The Department of Education issued a letter on February 13, claiming that educational institutions have toxically indoctrinated students with the false premise that the United States is built upon “systemic and structural racism” and advanced discriminatory policies and practices. This, despite the systemic and structural racism that kept Black children out of white schools up until 1954.
Anti-DEI Activists Openly Discuss Their Next Targets
Meanwhile, DEI rollback activists on “X” are retweeting warnings that DEI isn’t just corporate training; it’s civil rights. They seem especially focused on restoring America's tradition to how it was before The Civil Rights Act of 1964.
As they celebrate the latest corporation to reject inclusion and belonging, they feel increasingly reassured about destroying women’s suffrage next. (The SAVE Act would affect married women's right to vote.)
These X influencers got corporations and executives to open the door, and now we need to know if all of their intentions are being discussed at the table.
Why We Must Clarify Corporate Intentions
Beyond these DEI rollbacks, do our nation’s stores and brands support reversing civil rights to 1963 or earlier? What about the calls to end women’s suffrage and ship anyone on antidepressants to wellness "work farms?" Are these CEO's aligned with all 1,000 pages of Project 2025?
Is this what consumers want? Most people (70%) didn’t know about Project 2025 until it was too late, or they were told it was a hoax. Data shows that 88% of Americans, including MAGA and non-MAGA Republicans, do not support Project 2025. People don’t like the implications on their rights and freedoms. New polling also shows souring Trump approval ratings and dwindling support for his extreme policies.
The Heritage Foundation's marketing strategy convinced Americans that DEI’s collapse was the ticket. Efforts to encourage belonging and inclusion were pegged as the root of education problems, missed opportunities, and national tragedies.
Christopher Rufo promoted years of microcrises with Critical Race Theory, DEI, and LGBTQ threats. Digital media teams crafted attention-grabbing memes to stir outrage on social feeds and normalize their narratives. Apps—specifically Urban Legend—with connections to The Heritage Foundation, paid individuals up to $6,000 per video to share sensational talking points.

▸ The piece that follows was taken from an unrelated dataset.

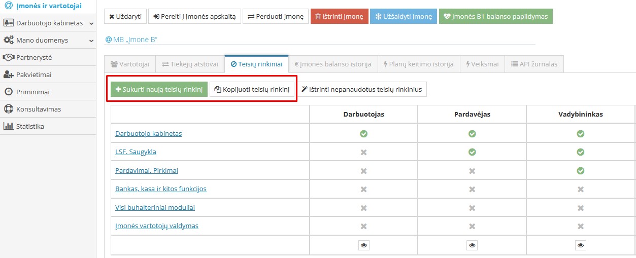4.3 Norint sukurti naują teisių rinkinį – skiltyje „Teisių rinkiniai“ pasirinkti „Kopijuoti teisių rinkinį“, pasirinkti esamą rinkinį ir įmonę, kurioje jis bus išsaugotas;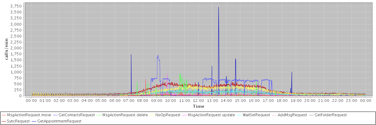 max(MsgActionRequest.move) = 703.00 max(GetContactsRequest) = 1712.00 max(MsgActionRequest.delete) = 938.00 max(NoOpRequest) = 471.00 max(MsgActionRequest.update) = 923.00 max(WaitSetRequest) = 301.00 max(AddMsgRequest) = 380.00 max(GetFolderRequest) = 309.00 max(SyncRequest) = 588.00 max(GetAppointmentRequest) = 3716.00

Project 2025 is here whether we like it or not. Consumers are now experiencing DOGE job cuts, DEI bans, discrimination, and the loss of freedoms that will cost them their incomes, childcare, transportation, and ability to purchase anywhere.
DEI initiatives helped millions of people feel seen and heard by creating space to discuss the influence of our differences and how to bridge gaps. But the moves by a few companies jumping in to say,“Let's roll back!" are catapulting people with differences like race, ethnicity, sex, age, religion, veteran status, or disability several generations backward.
That’s a hefty price for consumers to pay while wealthy executives cross their fingers for stronger profit margins.